Length measurements of the body height, left arm and left leg were performed with an anthropometer.
The circumference of the thigh and calf was measured with a measuring tape. Diameters of the hips, the knee joint, and the ankle joint were measured with a pelvimeter. Skinfold thickness of the calf, abdomen, thigh, and back was measured with a caliper. Body mass was calculated with a weight scale [
19]. All measurements were conducted by trained raters.
2.3.1. Program and Procedure for Measuring Motor Skills
All manifest motor skills were measured following the methods of Kurelić and associates (1975) [
20].
Trunk Lift for 30 s. The subject lies on their back with knees bent at a 90° angle. Hands are crossed on the chest, and a partner stabilizes the feet. The subject performs trunk lifts with a twist, alternating between left knee–right elbow and vice versa for 30 s.
Push-Ups on the Floor for 30 s. The subject lies on their stomach with arms bent at a 90° angle at the elbow joints. A correct push-up is one where the chest touches the floor, and the arms fully extend at the top of each repetition. The number of correct Push-Ups completed in 30 s is recorded.
Flexed-Arm Hang. The subject hangs on the bar with their chin above the bar. The measurement is taken while the subject tries to hold this position for as long as possible.

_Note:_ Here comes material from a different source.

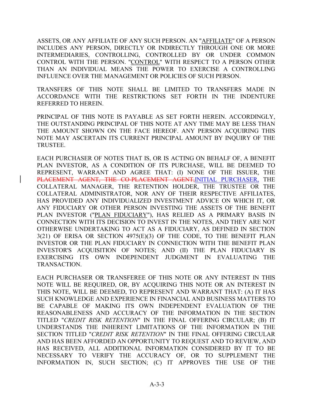 ASSETS, OR ANY AFFILIATE OF ANY SUCH PERSON. AN "AFFILIATE" OF A PERSON INCLUDES ANY PERSON, DIRECTLY OR INDIRECTLY THROUGH ONE OR MORE INTERMEDIARIES, CONTROLLING, CONTROLLED BY OR UNDER COMMON CONTROL WITH THE PERSON. "CONTROL" WITH RESPECT TO A PERSON OTHER THAN AN INDIVIDUAL MEANS THE POWER TO EXERCISE A CONTROLLING INFLUENCE OVER THE MANAGEMENT OR POLICIES OF SUCH PERSON. TRANSFERS OF THIS NOTE SHALL BE LIMITED TO TRANSFERS MADE IN ACCORDANCE WITH THE RESTRICTIONS SET FORTH IN THE INDENTURE REFERRED TO HEREIN. PRINCIPAL OF THIS NOTE IS PAYABLE AS SET FORTH HEREIN. ACCORDINGLY, THE OUTSTANDING PRINCIPAL OF THIS NOTE AT ANY TIME MAY BE LESS THAN THE AMOUNT SHOWN ON THE FACE HEREOF. ANY PERSON ACQUIRING THIS NOTE MAY ASCERTAIN ITS CURRENT PRINCIPAL AMOUNT BY INQUIRY OF THE TRUSTEE. EACH PURCHASER OF NOTES THAT IS, OR IS ACTING ON BEHALF OF, A BENEFIT PLAN INVESTOR, AS A CONDITION OF ITS PURCHASE, WILL BE DEEMED TO REPRESENT, WARRANT AND AGREE THAT: (I) NONE OF THE ISSUER, THE PLACEMENT AGENT, THE CO-PLACEMENT AGENT,INITIAL PURCHASER, THE COLLATERAL MANAGER, THE RETENTION HOLDER, THE TRUSTEE OR THE COLLATERAL ADMINISTRATOR, NOR ANY OF THEIR RESPECTIVE AFFILIATES, HAS PROVIDED ANY INDIVIDUALIZED INVESTMENT ADVICE ON WHICH IT, OR ANY FIDUCIARY OR OTHER PERSON INVESTING THE ASSETS OF THE BENEFIT PLAN INVESTOR ("PLAN FIDUCIARY"), HAS RELIED AS A PRIMARY BASIS IN CONNECTION WITH ITS DECISION TO INVEST IN THE NOTES, AND THEY ARE NOT OTHERWISE UNDERTAKING TO ACT AS A FIDUCIARY, AS DEFINED IN SECTION 3(21) OF ERISA OR SECTION 4975(E)(3) OF THE CODE, TO THE BENEFIT PLAN INVESTOR OR THE PLAN FIDUCIARY IN CONNECTION WITH THE BENEFIT PLAN INVESTOR'S ACQUISITION OF NOTES; AND (II) THE PLAN FIDUCIARY IS EXERCISING ITS OWN INDEPENDENT JUDGMENT IN EVALUATING THE TRANSACTION. EACH PURCHASER OR TRANSFEREE OF THIS NOTE OR ANY INTEREST IN THIS NOTE WILL BE REQUIRED, OR, BY ACQUIRING THIS NOTE OR AN INTEREST IN THIS NOTE, WILL BE DEEMED, TO REPRESENT AND WARRANT THAT: (A) IT HAS SUCH KNOWLEDGE AND EXPERIENCE IN FINANCIAL AND BUSINESS MATTERS TO BE CAPABLE OF MAKING ITS OWN INDEPENDENT EVALUATION OF THE REASONABLENESS AND ACCURACY OF THE INFORMATION IN THE SECTION TITLED "CREDIT RISK RETENTION" IN THE FINAL OFFERING CIRCULAR; (B) IT UNDERSTANDS THE INHERENT LIMITATIONS OF THE INFORMATION IN THE SECTION TITLED "CREDIT RISK RETENTION" IN THE FINAL OFFERING CIRCULAR AND HAS BEEN AFFORDED AN OPPORTUNITY TO REQUEST AND TO REVIEW, AND HAS RECEIVED, ALL ADDITIONAL INFORMATION CONSIDERED BY IT TO BE NECESSARY TO VERIFY THE ACCURACY OF, OR TO SUPPLEMENT THE INFORMATION IN, SUCH SECTION; (C) IT APPROVES THE USE OF THE A-3-3

Standing Long Jump. Mat, springboard, metal tape measure. The subject, standing on a reversed springboard, jumps forward and lands on the mat. Three jumps are performed, and invalid attempts are repeated.
Trunk Flexion. Bench (40 cm high), wooden meter (60 cm), vertical positioning. The subject stands on the bench with legs straight and bends forward as far as possible without bending the knees or tilting the torso sideways. The depth of the reach in cm is recorded, with the better value from the two attempts taken.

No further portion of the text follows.